The issue of uncoupling can be eliminated by directly reading out the gRNA instead of a barcode (Fig. 3b, c). CROP-seq, as developed by Datlinger and colleagues [46], uses a modified vector where a copy of the gRNA is placed in the 3′ long terminal repeat (LTR), which gets copied to the 5′ LTR during lentiviral integration. The cassette in the 3′ LTR is transcribed by RNA polymerase II along with the other viral genes and allows poly-A based gRNA detection [46]. An alternative is Direct-seq, where an 8A8G capture sequence is incorporated in the gRNA scaffold. This sequence is a consecutive stretch of adenines mixed with guanines which can efficiently pair with a poly-T primer while still retaining sufficient editing efficiency [73]. Introducing an extra targeted amplification step to enrich for gRNA fragments in the single-cell mRNA libraries further increases the rate of gRNA assignment [68]. Alternatively, direct-capture Perturb-seq allows gRNAs to be directly sequenced alongside the transcriptome using gRNA-specific reverse transcription (RT) primers that are complementary to a capture sequence in the gRNA scaffold [74]. This method has a high capture rate and robust gRNA assignment, but efficiencies vary between different capture sequence configurations (stem loop or 3′ end) and CRISPR applications [74, 75]. 10X Genomics commercialized this method and launched their feature barcoding technology, providing gel beads which carry specific primers that can be used to detect gRNAs or other features, such as barcoded antibodies, alongside the single-cell transcriptome (Fig. 3c) [74].

Data analysis

The main challenges in the analysis of sc-CRISPR data lie the sparsity and noise of the data, which complicates gRNA assignment as well as the analysis of the impact of each perturbation on the transcriptome. In contrast to bulk sequencing, single-cell RNA-seq has the inherent limitation that not every transcript can be recovered and especially lowly expressed genes are difficult to detect and are underrepresented. This can be partly corrected by in silico expression recovery methods, which estimate the actual gene expression based on the transcriptome profiles and the gene expression levels across cells [76].

As for all NGS data, analysis starts with mapping of the raw sequencing reads to the reference genome and the reference gRNA library. Each transcript is labeled with a cell barcode (CBC), identifying the cell of origin, and a unique molecular identifier (UMI) which enables correction for amplification artifacts. After read mapping, count matrices are generated listing all transcripts per cell, along with the assigned gRNA. Next, quality control is performed to remove low-quality cells and multiplets, based on the number of detected genes and mitochondrial transcripts, with optional regression of unwanted effects such as cell cycle and batch effects. Generally, sc-CRISPR analysis aims to estimate the impact of each perturbation on the transcriptome, to ultimately cluster the perturbations and construct complex regulatory networks.

Classic methods for differential expression analysis can be applied to compare the different perturbations, either at single-cell [77] or pseudo-bulk [78] level. The latter groups all cells with the same perturbation and determines an overall profile for this group of cells. Such pseudo-bulk profiles form a richer dataset per perturbation but lose the single-cell aspect. To make sense of the complex single-cell data, multiple algorithms have been developed, including MIMOSCA [44], Mixscape [79, 80], SCEPTRE [80], scMAGeCK [81] or MUSIC [82]. MIMOSCA uses a regularized linear model with elastic net regularization that includes technical and biological covariates [44]. Mixscape, as incorporated in the Seurat R package by the Satija lab, identifies cells with effective perturbations by comparing the signatures of cells with a gRNA versus their neighboring non-perturbed cells [79]. While this results in more reliable data from the highest quality perturbations, many cells are discarded due to the stringent filtering criteria.
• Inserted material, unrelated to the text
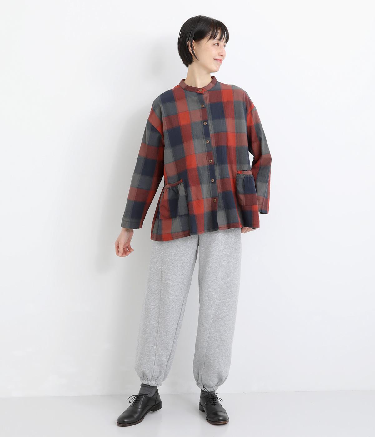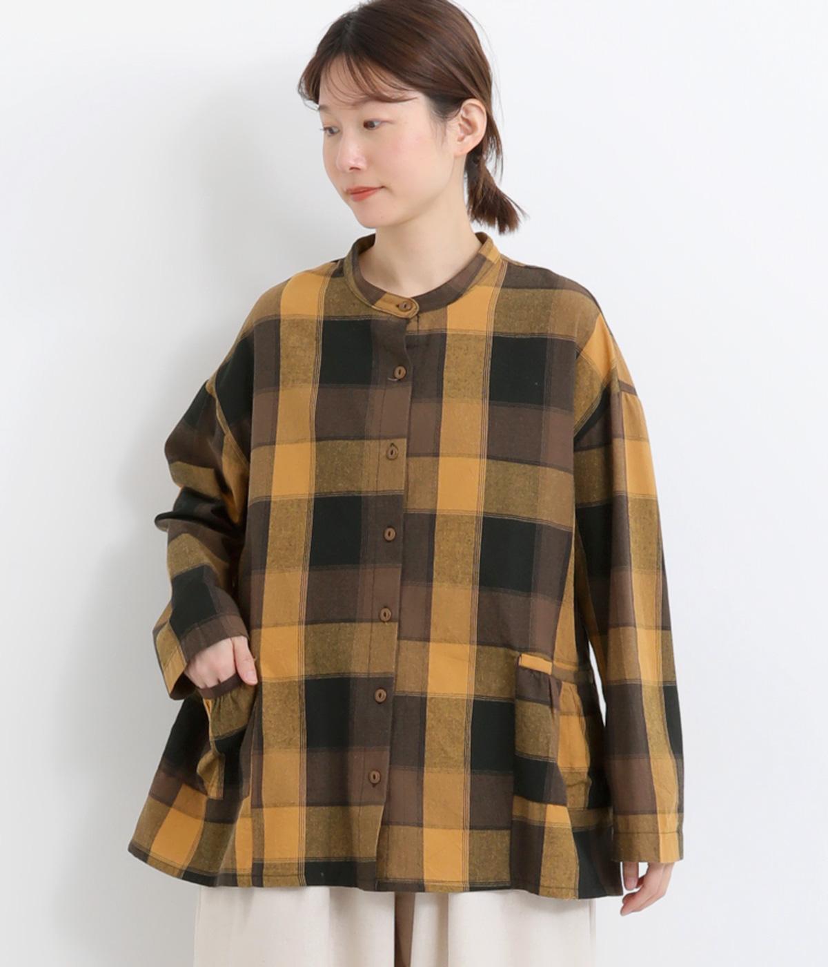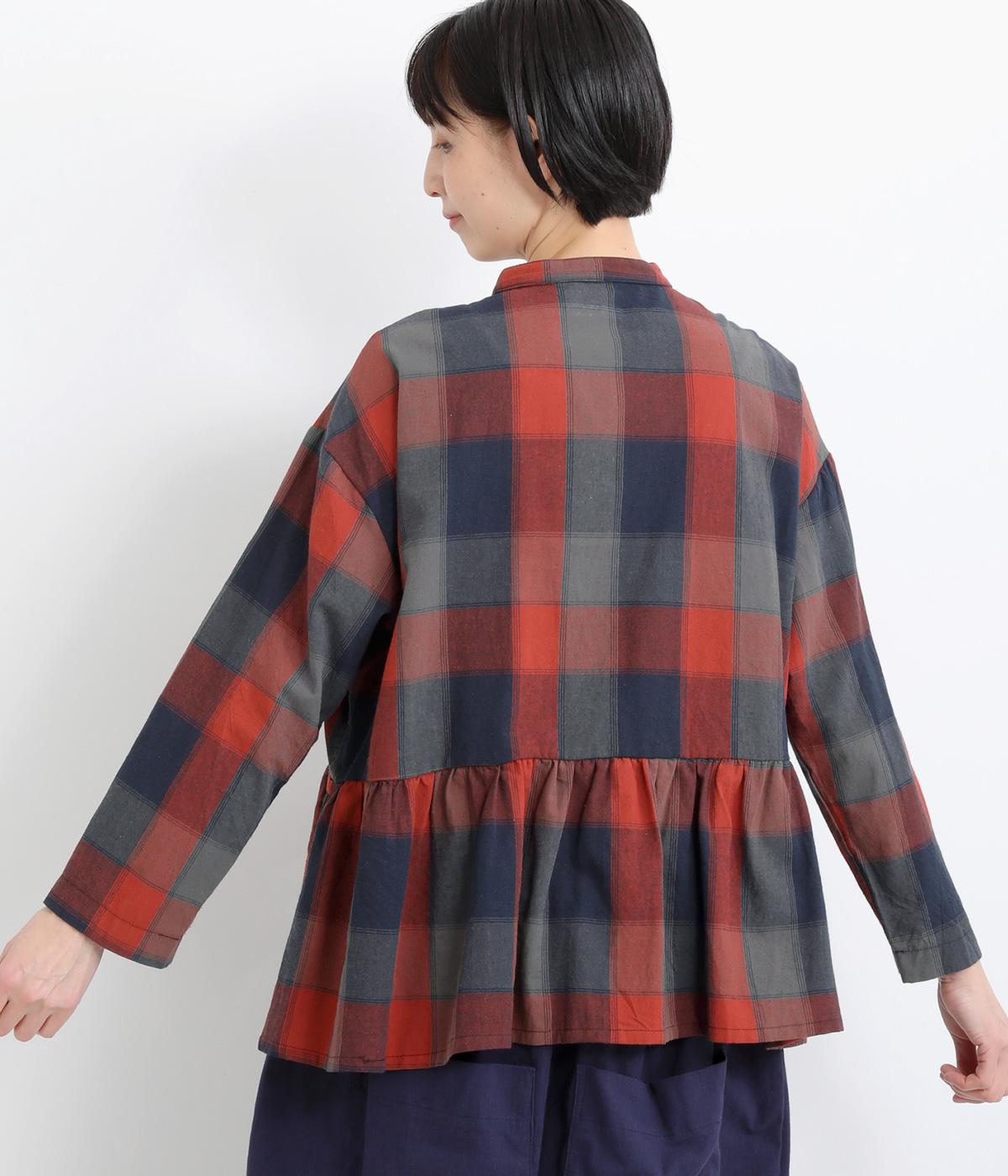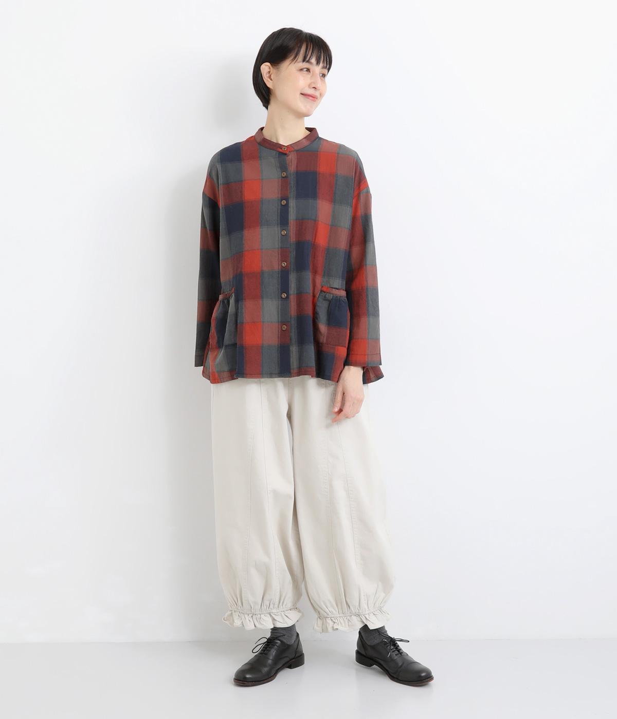 ニュアンスカラーのチェック柄が大人のカジュアルスタイルにぴったりなシャツです。腰まわりにほどこしたギャザーがふんわりと広がり、気になるヒップまわりをカバーします。立体的なポケットも、さりげなくアクセントを添えています。

SCEPTRE makes use of advanced statistical methods, i.e. the conditional randomization test, to infer the impact of each perturbation on the transcriptome [80]. Additionally, ScMAGeCK [81] is the single-cell equivalent to the MAGeCK package [83], which is commonly used for analysis of bulk CRISPR screens. ScMAGeCK consists of two modules: robust rank aggregation (RRA) and linear regression (LR). RRA focuses on the expression of a single gene and creates a ranking based on its enrichment across the perturbations, while LR determines regulatory coefficients for all genes across all perturbations using a generalized linear model and expectation maximization. Finally, MUSIC is an integrated tool where topic modeling is used to study the biological functions associated with a particular perturbation [82].

An important limitation to the current scRNA-seq methods is the sparsity of the data and the inability to detect every possible transcript in each cell. Targeted sequencing, where only a limited set of genes is sequenced instead of the entire transcriptome, could provide a solution if expression data is only needed for a specific set of genes [74, 84]. Such enriched libraries require lower sequencing depth while providing detailed data on the expression of the most relevant genes. This drastically decreases the cost and allows sensitive screening at a larger scale, but with the disadvantage of a biased readout as it requires a priori target selection. Multiple methods exist for targeted transcript enrichment, such as multiplexed PCR [85, 86] (e.g. TAP-seq [84]), hybridization baits (e.g. HyPR-seq [87] or biotinylated hybridization baits [74]) or custom beads [88].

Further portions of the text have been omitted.